* What is being asked *
Would you return exactly the lines from the top of the data below through the one containing "We comment on", leaving out the pictures?
====== Extracted material
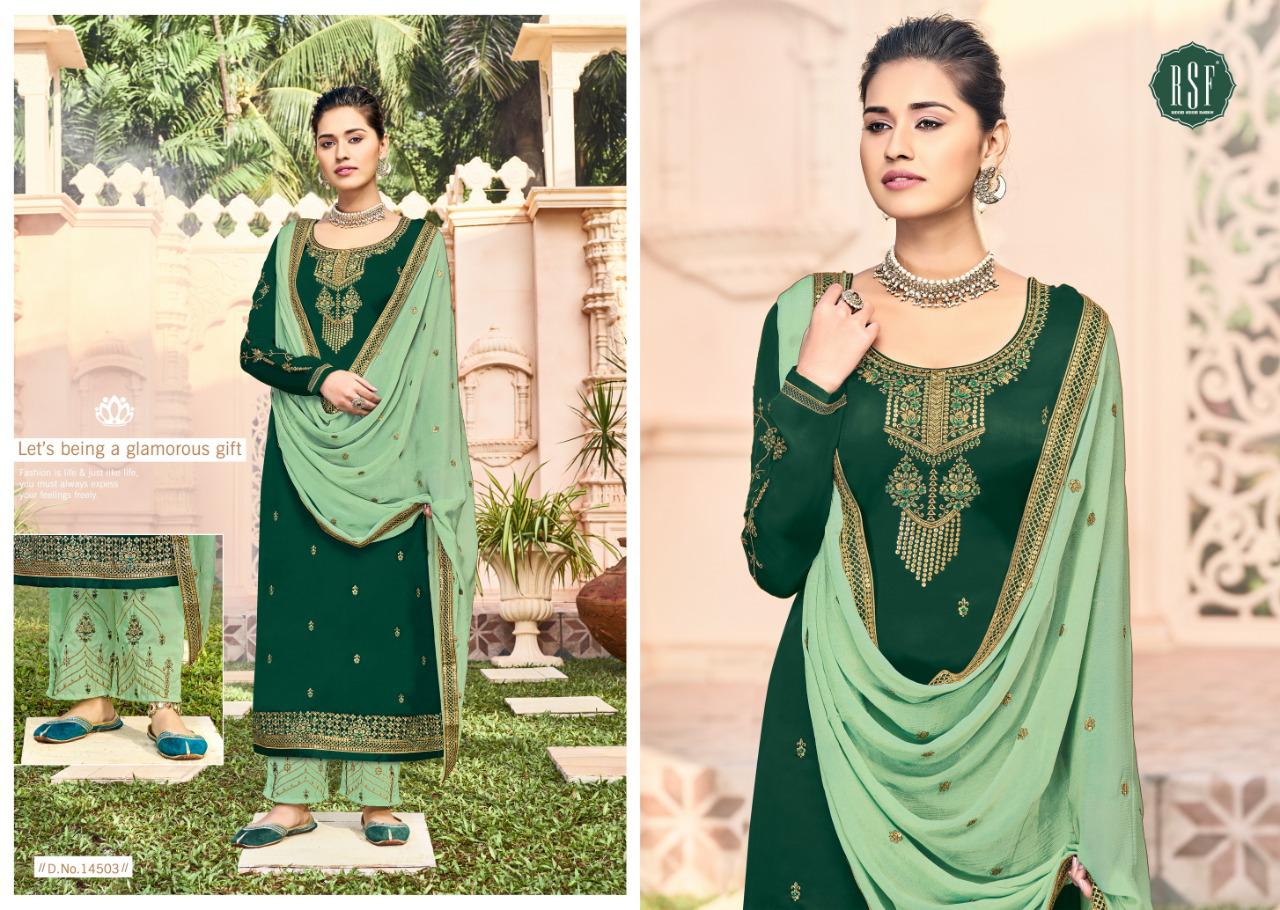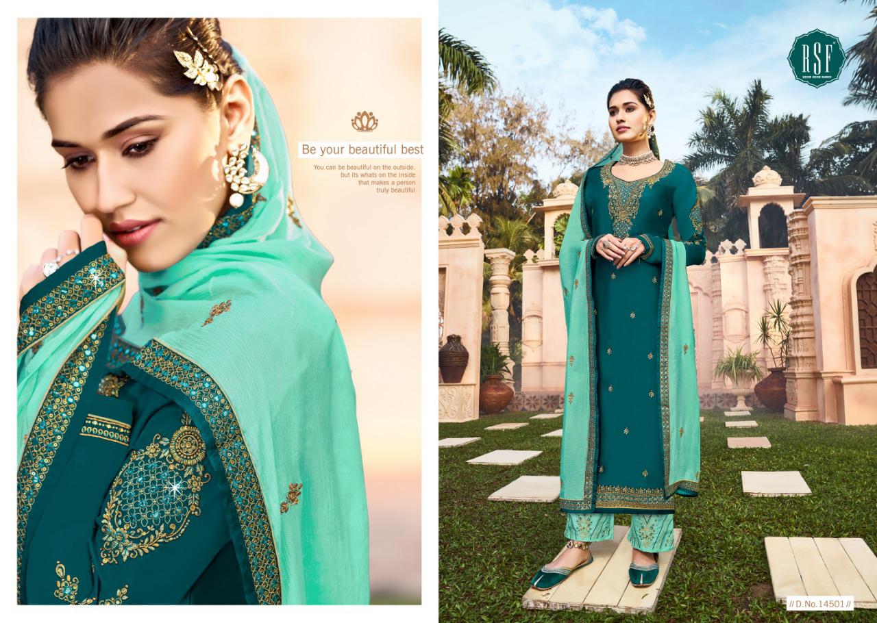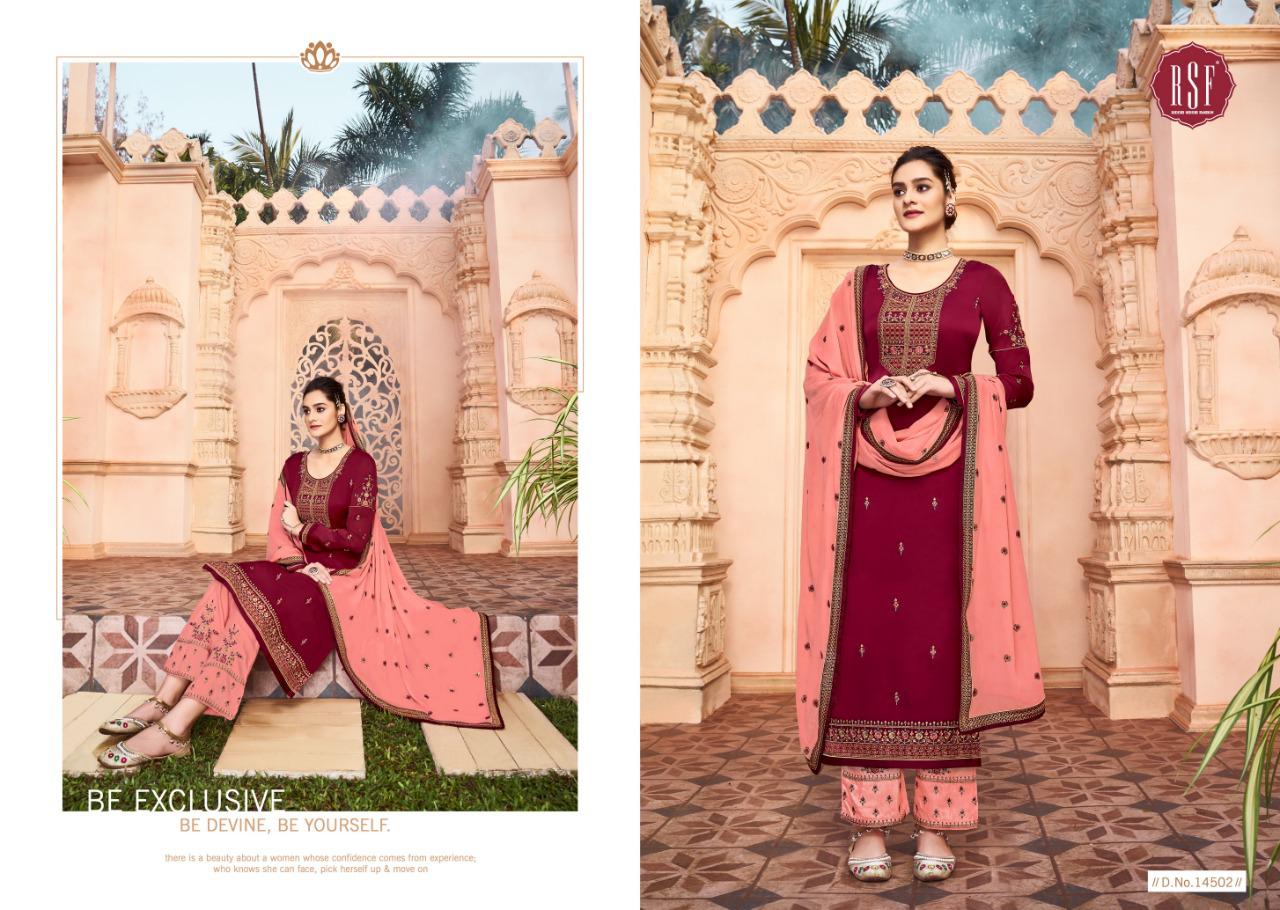 Rsf Launch Ferin Modal Satin Eith Full Embroidery Work Heavy Designer Suit Collection
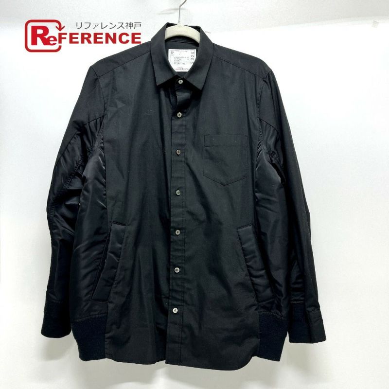 【中古良品】サカイ 黒色 Sacai サカイ 24-03326M 2024年春夏 COTTON OXFORD NYLON TWILL SHIRT トップス シャツ 長袖 アパレル 長袖シャツ コットン メンズ ブラック 【中古】
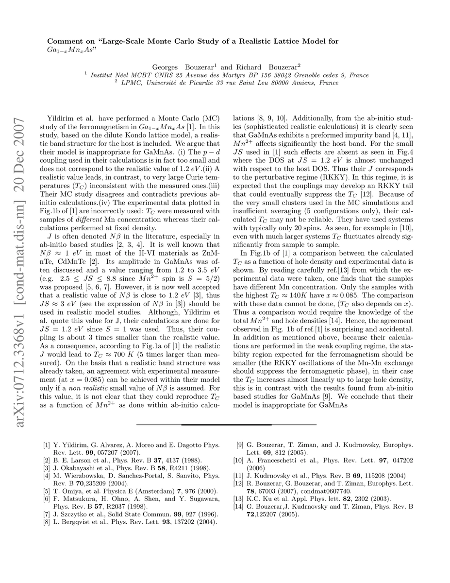 We comment on the recent paper "Large-Scale Monte Carlo Study of a Realistic Lattice Model for Ga_(1-x)Mn_xAs" by Y. Yildirim, G. Alvarez, A. Moreo and E. Dagotto", Phys Rev. Lett.{\bf 99}, 057207 (2007); cond-mat/0612002
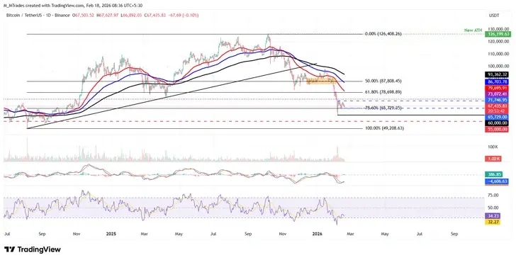 El precio de Bitcoin ha estado consolidándose en un rango entre 65.729$ y 71.746$ desde el 7 de febrero. BTC ha disminuido un 2% hasta ahora esta semana y, a partir del miércoles, se está negociando por debajo de 68.000$, acercándose al límite inferior de consolidación. Si BTC cierra por debajo del nivel de consolidación inferior en 65.729$, podría extender la caída hacia el nivel de soporte clave en 60.000$.
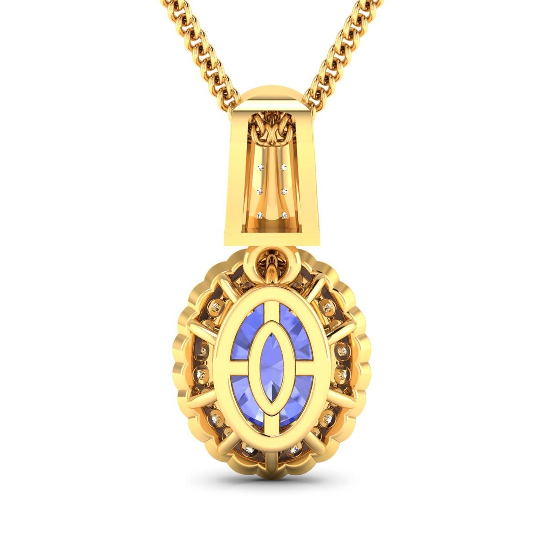 Tanzanite (AA+) Oval 9x7mm - 1Pc + White Diamond F/C Round 1.20mm - 22Pcs + White Diamond F/C Round 1.00mm - 10Pcs ( I1-I2/I color ) Total weight of gemstone is 1.6cts. Total Diamond weight is 0.22cts. Total weight of this pendant is 2.3 grams.
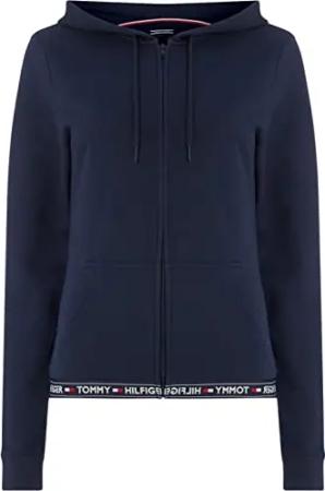 Damen Sweatshirt mit Reißverschluss Script Zip mit Kapuze, Blau (Dark Night Navy), M
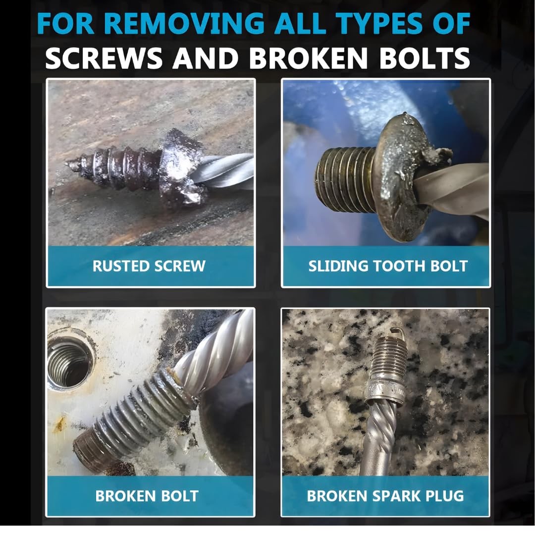 Tired of dealing with stripped, broken, or rusted fasteners? Our screw extractor set is the ultimate solution for removing damaged screws and bolts without the frustration. This complete broken bolt extractor kit includes 5 high-speed reverse drill bits and 5 extractors made for tackling the toughest jobs. Whether you're facing a snapped screw or a seized bolt, this easy out screw extractor set makes removal fast, precise, and hassle-free. Crafted with premium M35 5% cobalt steel, our left hand drill bit set delivers exceptional durability and heat resistance—ideal for repeated use. The 135° split point design improves drilling efficiency and reduces walking on surfaces. Combined with our high-torque bolt remover tools, this kit becomes your go-to stripped screw removal tool for every toolbox. Whether you're a DIYer or a professional mechanic, this stripped screw extractor is designed for all materials—wood, metal, or plastic. The screw remover and extractor set comes organized in a rugged storage case for portability and protection. Perfect as a screw extractor set small for tight spaces or heavy-duty tasks, this ez out bolt extractor set is built to deliver. Includes: 5pcs M35 reverse drill bit extractor set (1/8", 5/32", 3/16", 1/4", 19/64") 5pcs CR-MO broken screw extractor set (#1 to #5) Durable storage box From removing broken bolts to fixing damaged threads, this all-in-one extractor set is your trusted easy out set. Whether you're working on engines, furniture, or appliances, trust our damaged screw extractor set to get the job done. Great for home improvement, automotive repair, and industrial use, this screw extractor kit ensures you’ll never be stuck again. Works as an easy outs extractor sets Reliable extractor kit for international users Includes all tools in one compact extractor kit Don’t waste hours struggling with stuck hardware—upgrade to the best easy out bolt extractor set and make extractions smooth and stress-free. ✅ PREMIUM DURABILITY – M35 COBALT HSS: Made from M35 cobalt-reinforced high-speed steel (HSS), these left-hand drill bits provide superior strength and wear resistance for extended use. ✅ SAVE TIME & EFFORT – EASY BOLT REMOVAL: Quickly extract stuck, stripped, or broken screws and bolts with this professional screw extractor kit. A must-have for home repairs, automotive work, and industrial maintenance. ✅ 135° CUTTING ANGLE – IMPROVED PRECISION: The EZ Out bolt extractor set features a 135° split point tip, allowing faster drilling with reduced resistance. This design ensures a cleaner cut without damaging surrounding materials. ✅ VERSATILE USE FOR WOOD & METAL: Designed for multiple applications, this drill extractor works on wood, metal, and plastic. Ideal for DIY projects, home improvement, automotive repairs, and professional workshops. ✅ 10-PIECE SET WITH STORAGE CASE: Includes 5 left-hand drill bits & 5 bolt extractors. Screw Extractors: #1, #2, #3, #4, #5. Left-Hand Drill Bits: 5/64", 7/64", 5/32", 1/4", 19/64". Compact storage case keeps tools organized and protected.
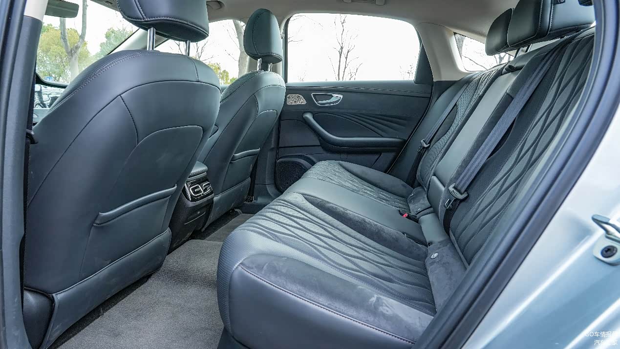 目前市场上的插混轿车不少,但是在10万元级做到中型轿车尺寸的就不多了。荣威D7 DMH的车身长度做到了4890mm,轴距为2810mm,是一台非常标准的中型轿车。作为一台家用轿车,拥有宽裕的空间表现是非常必要的。荣威D7 DMH这样的尺寸也换来了相应的内部空间表现,相比于大部分的同价位插混轿车更优秀。
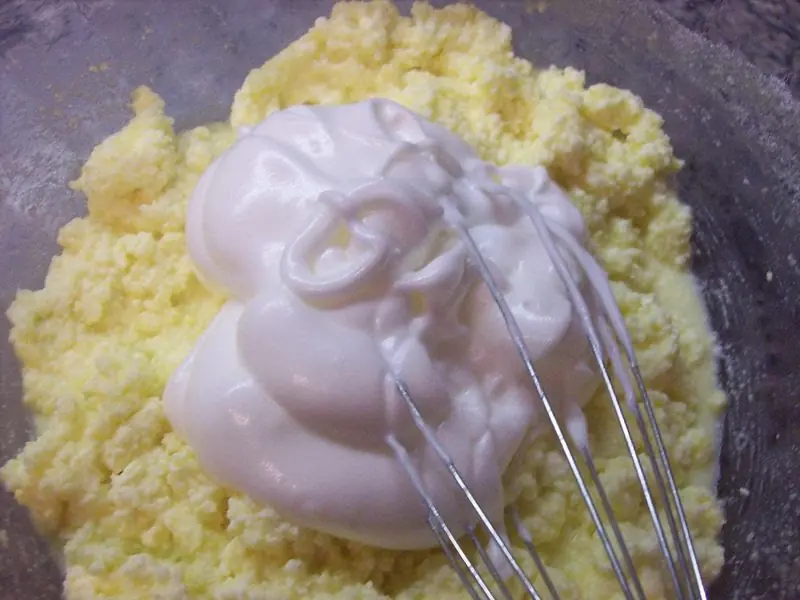 Colocar la mitad de las claras batidas a nieve en el batido de la ricota y revolver, luego agregar la otra mitad y esta vez revolver con movimientos envolventes
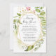 Trendy drive through bridal or baby shower invitation with gold geometric frame and sage green watercolor wash reverse.
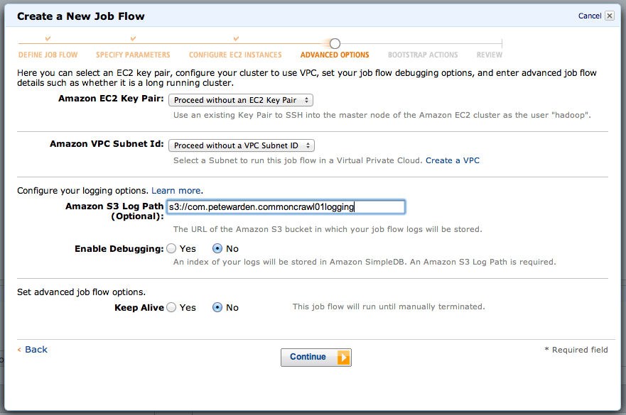Hadoop can be a hard beast to debug, so I always ask Elastic MapReduce to write out copies of the log files to a bucket so I can use them to figure out what went wrong. On this screen, leave everything else at the defaults but put the location of your 'logging' bucket for the Amazon S3 Log Path, in this case 's3://com.petewarden.commoncrawl01logging'. A new folder with a unique name will be created for every job you run, so you can specify the root of your bucket. Click Continue.
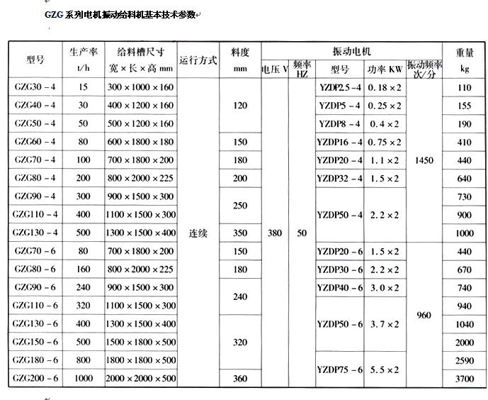 GZG系列電機振動給料機基本技術(shù)參數(shù)
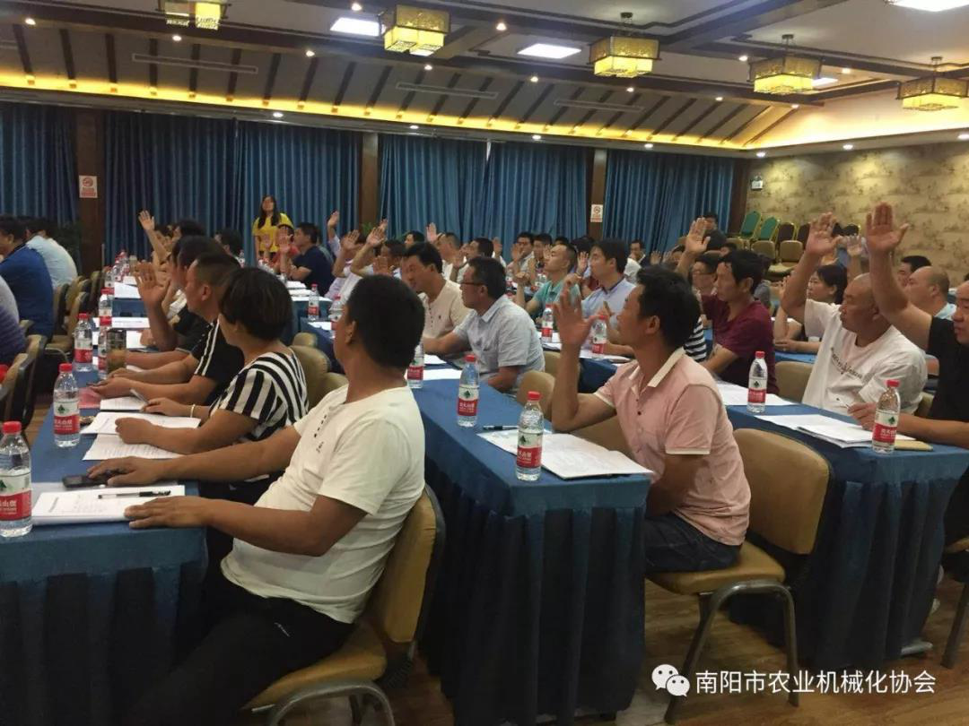 7月3日,南陽市農(nóng)業(yè)機械化協(xié)會成立大會在南陽市鷗凱印象酒店3樓會議室召開,南陽市農(nóng)業(yè)機械化管理局黨組書記、局長劉勤同志出席會議并做重要講話。選舉通過田云鎖(原南陽市農(nóng)業(yè)機械公司總經(jīng)理)同志當選為會長,亞澳南陽農(nóng)機有限責任公司總經(jīng)理史炳哲、南陽奇豐機械有限責任公司董事長趙順奇、鎮(zhèn)平縣糧豐農(nóng)機農(nóng)民專業(yè)合作社理事長薛云濤當選為副會長。
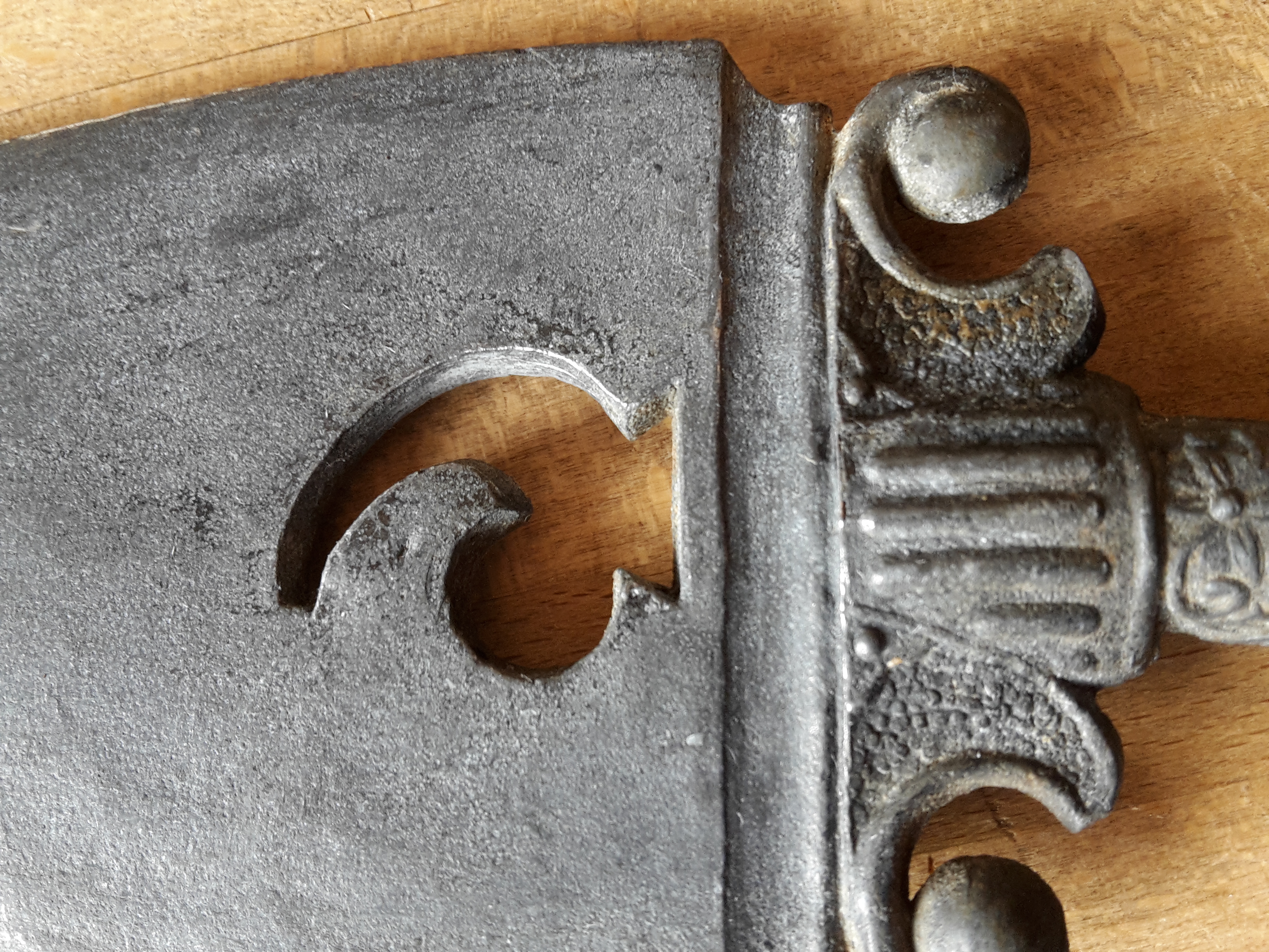 Wo ihr gerade alle da seid, ich habe bei Gartenarbeiten im letzten Jahr etwas gefunden, wo ich nicht weiß, ob es alt ist oder auf alt gemacht. Auf jeden Fall sieht es so aus, als wenn es aus zwei Hälften zusammengesetzt wurde und es ist nicht magnetisch aber 270 Gramm schwer und 23 cm lang. Es war in 50 cm Tiefe in einer alten Efeu-Wurzel eingewachsen. Ihr könnt es euch ja mal anschauen. Bin für jeden Hinweis dankbar.
============
* Output for this task *
 Rsf Launch Ferin Modal Satin Eith Full Embroidery Work Heavy Designer Suit Collection
 【中古良品】サカイ 黒色 Sacai サカイ 24-03326M 2024年春夏 COTTON OXFORD NYLON TWILL SHIRT トップス シャツ 長袖 アパレル 長袖シャツ コットン メンズ ブラック 【中古】
 We comment on the recent paper "Large-Scale Monte Carlo Study of a Realistic Lattice Model for Ga_(1-x)Mn_xAs" by Y. Yildirim, G. Alvarez, A. Moreo and E. Dagotto", Phys Rev. Lett.{\bf 99}, 057207 (2007); cond-mat/0612002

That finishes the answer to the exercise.